Hoje, as diferenças entre a programação e a operação efetiva são, em grande parte, rateadas entre todos os consumidores por meio de encargos específicos. A nova modelagem altera essa lógica ao atribuir maior responsabilidade econômica aos agentes que provocam os desvios.

O ministro de Minas e Energia, Alexandre Silveira, destacou o caráter estrutural da proposta e seus impactos sobre os sinais econômicos do setor. “Estamos avançando para um modelo mais transparente, eficiente e alinhado à realidade da operação do sistema. Quem gera o custo precisa assumir sua responsabilidade, preservando o consumidor e fortalecendo a sustentabilidade econômica do setor. Essa é uma mudança estrutural que vai melhorar os sinais de preço e estimular soluções de flexibilidade em um sistema cada vez mais renovável”, afirmou.

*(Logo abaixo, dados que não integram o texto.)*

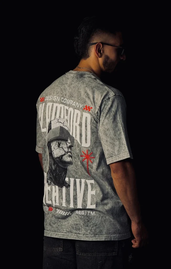 Camiseta Oversize silueta amplia confeccionada en tela fria con proceso de lavanderia. Su gramaje es de 240 grs. que ofrece frescura y calidad. Presenta estampados de alta densidad y textil, tanto en el frente como en la parte posterior, que la convierten en prendas únicas y exclusivas que combinan irreverencia y estilo sin censura. Además tiene gráficos propios de la marca tanto en la parte delantera como trasera

A declaração reforça que a reforma da formação de preços não se limita a ajustes operacionais, mas busca induzir investimentos em flexibilidade, armazenamento, resposta da demanda e tecnologias capazes de mitigar volatilidade.

Modelo híbrido e descentralização das previsões

Além da contabilização dupla, a proposta permite que usinas não despachadas pelo Operador Nacional do Sistema Elétrico (ONS) informem suas próprias previsões de geração para fins de programação do sistema. O desenho substitui o modelo exclusivamente concentrado na estimativa do operador por uma lógica mais descentralizada e colaborativa.

O modelo híbrido de formação de preços passa a combinar sinal econômico derivado de modelos computacionais com informações declaradas pelos próprios agentes. A medida tende a aumentar a aderência entre programação e operação real, reduzindo custos sistêmicos.

Para o mercado, a mudança tem potencial de alterar estratégias de comercialização, gestão de risco e contratação, sobretudo para geradores renováveis e comercializadores expostos ao MCP.

Cronograma e fase de testes

A implementação está prevista para 30 de junho de 2028. Antes disso, haverá um período mínimo de seis meses de testes das novas regras, com resultados meramente informativos e sem impacto financeiro imediato.

O período de simulação busca garantir segurança jurídica, previsibilidade regulatória e estabilidade ao mercado, permitindo ajustes antes da entrada em vigor definitiva.

Para investidores e agentes do setor elétrico, o cronograma oferece horizonte temporal para adaptação de sistemas, revisão de contratos e desenvolvimento de ferramentas de previsão e gestão de portfólio.

Modernização e redução de encargos

A reforma da formação de preços e da contabilização no mercado de curto prazo está diretamente relacionada à agenda de redução de encargos setoriais. Ao realocar responsabilidades e aprimorar sinais de preço, o MME busca mitigar subsídios cruzados implícitos e reduzir distorções que oneram consumidores.

Em um sistema elétrico cada vez mais renovável e descentralizado, a qualidade do sinal econômico torna-se determinante para atrair investimentos em capacidade firme, armazenamento e tecnologias de flexibilidade.

A consulta pública abre espaço para contribuições técnicas de geradores, comercializadores, distribuidoras, consumidores livres e cativos, além de associações setoriais e especialistas. O debate promete ser um dos mais relevantes da agenda regulatória dos próximos anos.